続いて,相互作用エネルギーを求めました.2量体中の単量体の側鎖の配向はいずれもほぼ同様にしてあるため,2量体中の分子構造の一方を抜き出し,構造最適化を行うことによって単量体のエネルギーを求めて相互作用エネルギーを算出しました (表2).

表2: 分岐アルカン2量体の相互作用エネルギー
化合物 相互作用エネルギー [kcal/mol]
イソブタン -1.75
2-エチルヘキサン2量体 (配向1) -4.75
2-エチルヘキサン2量体 (配向2) -5.08
2-エチルヘキサン2量体 (配向3) -4.90

ブタンの相互作用エネルギーは-2.86 kcal/molでしたが,イソブタンでは-1.75 kcal/molにまで低下しています.これは炭素数が一つ少ない直鎖プロパン(-2.00 kcal/mol)よりも低い値です.

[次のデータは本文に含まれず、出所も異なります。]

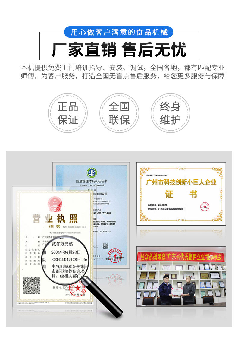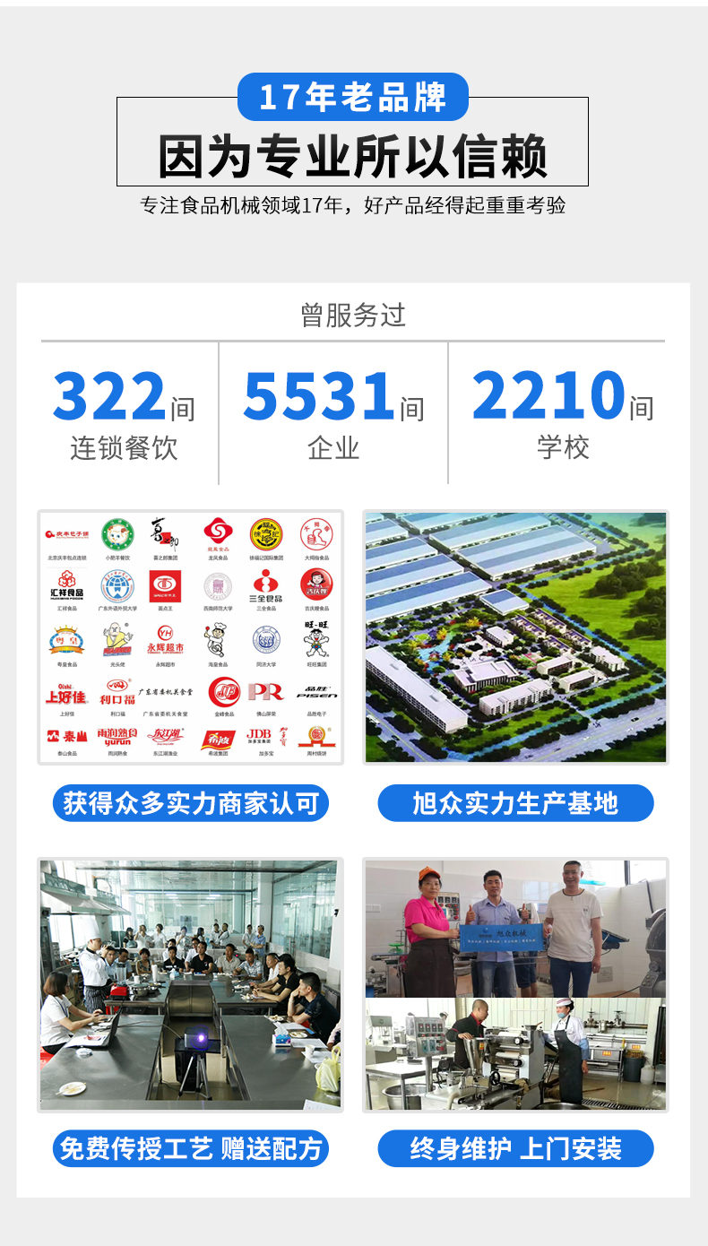 廣州旭眾食品機(jī)械有限公司是一家集科研開(kāi)發(fā),生產(chǎn)設(shè)計(jì),營(yíng)銷(xiāo)服務(wù)為一體的現(xiàn)代化生產(chǎn)企業(yè)?,F(xiàn)代化生產(chǎn)車(chē)間,精湛制造技術(shù),所產(chǎn)機(jī)械歷經(jīng)市場(chǎng)重重考驗(yàn),不斷贏得海內(nèi)外客戶(hù)的贊譽(yù)。
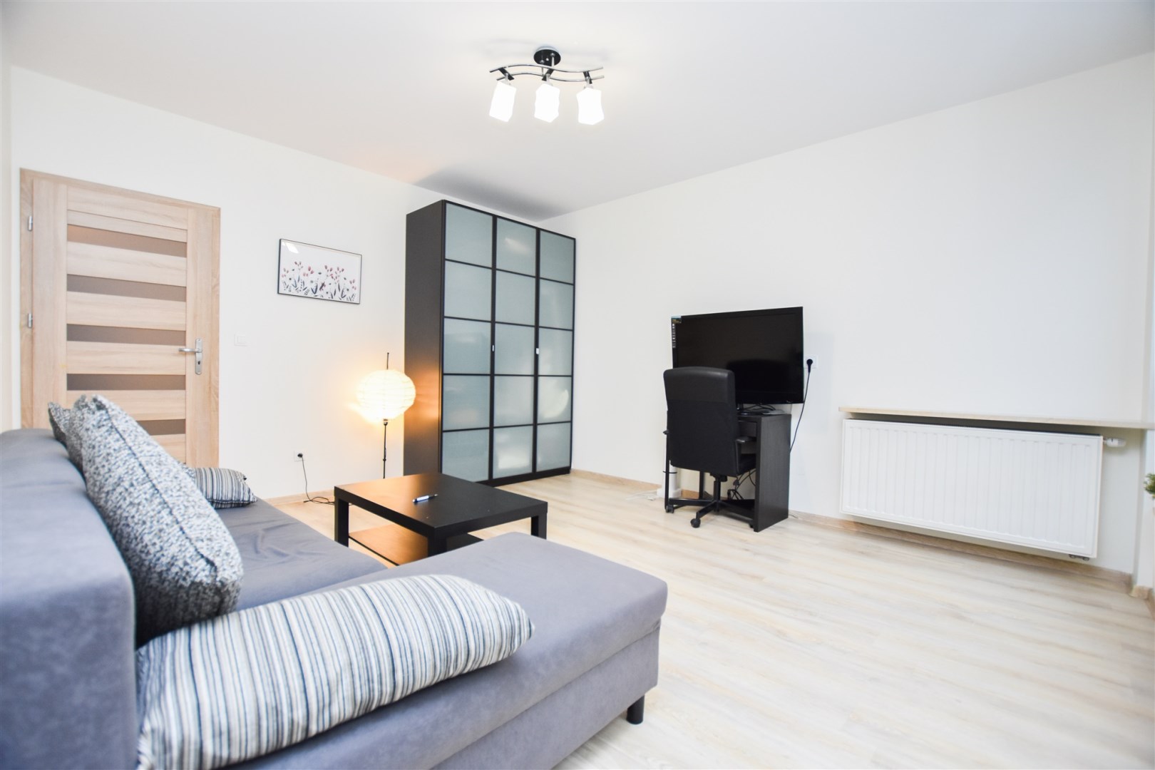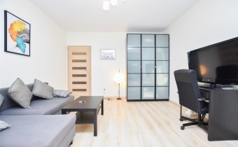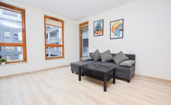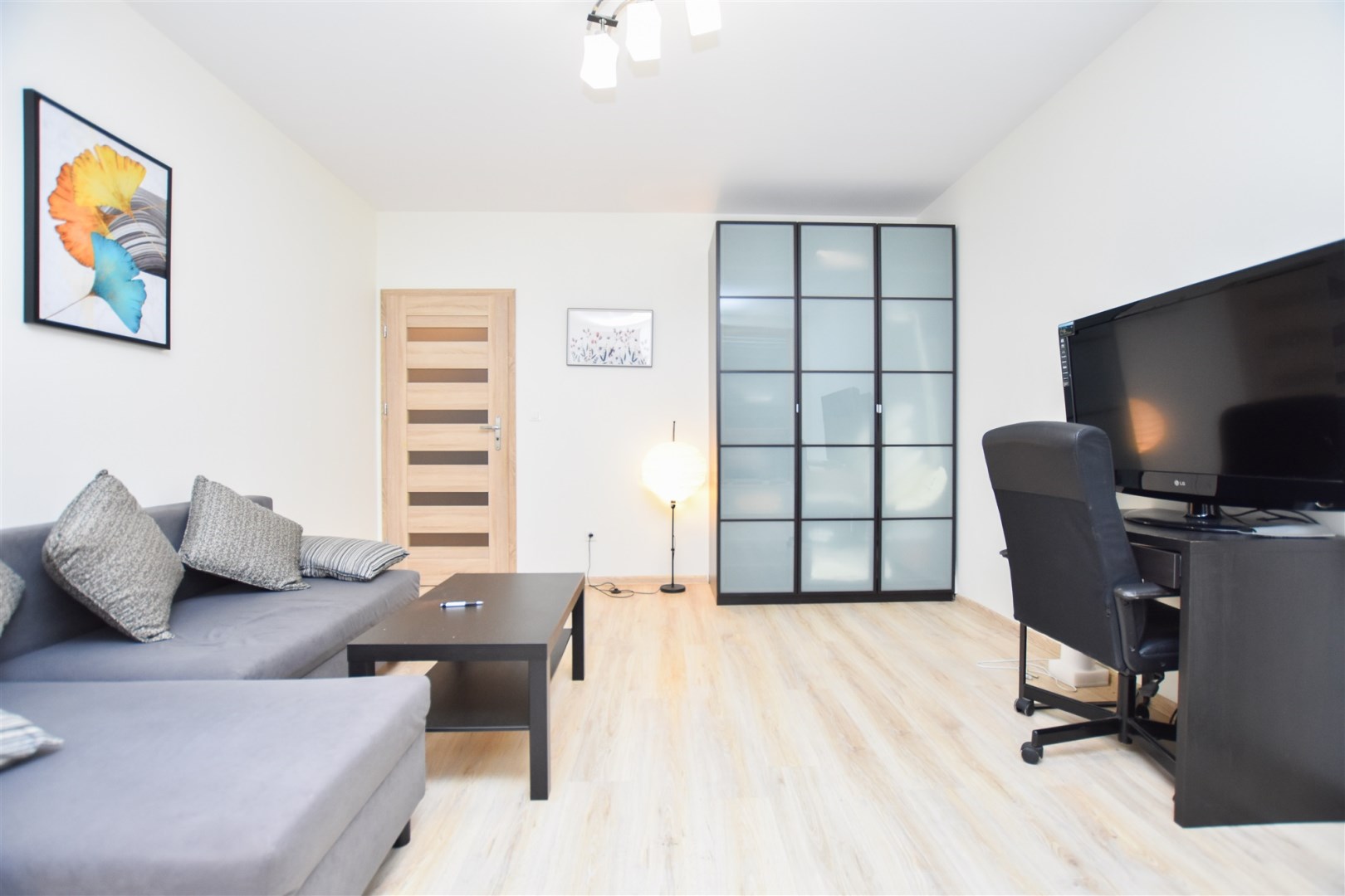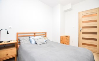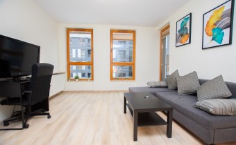Apartament położony jest na drugi piętrze i jest w pełni umeblowany. W Kuchnia w pełni wyposażone, zmywarka, piekarnik, płyta grzewcza, okap, zabudowa kuchenna, lodówka. W salonie sofa stolik kawowy, szafa i biurko z krzesłem. W sypialni podwójne łóżko, szafka nocna. Mieszkanie świeżo odmalowane. Balkon z widokiem na dziedziniec.

また,2-エチルヘキサンのいずれの配向でも,オクタン (-6.40 kcal/mol) より小さな相互作用エネルギーを示しました.特に,3級炭素同士が重なる配向1では-4.75 kcal/molと炭素が2個少ないヘキサン(-4.62 kcal/mol)とほぼ同等の値になっていますが,これは立体障害のためと考えられます.ヘキシル鎖でのみ相互作用している配向3では-4.90 kcal/molとそれよりもやや大きな値を示しました.3級炭素は立体障害にならない場合は2級炭素よりも相互作用を大きくする効果があるようです (分極率が大きくなっていると考えられる).一方,側鎖のエチル基でも相互作用がありそうな配向3でも相互作用エネルギーは-5.08 kcal/molにとどまっています.

以上の結果から,分岐アルカンは同数の炭素を有する直鎖アルカンよりも分子間相互作用が小さいことがわかります.

結論

直鎖アルカンの分子間相互作用エネルギーは,単純に炭素数に比例することがわかりました (C1-C12の間).これは相互作用する基本ユニットが同じであるからだと考えられます.一方,分岐アルカンでは同数の炭素を有する直鎖アルカンよりも分子間相互作用が小さくなることがわかりました.

計算方法

分散力補正 (DFT-D3(BJ)) を適用した密度汎関数法によって構造最適化を行い,2量体の相互作用エネルギーを求めました.汎関数にはB97-D3(BJ)を用い,基底関数にはdef2-TZVPを用いました.基底関数重ね合わせ誤差はgCP法によって補正を行いました (構造最適化含む).すべての計算はORCA 3.0.0で行いました.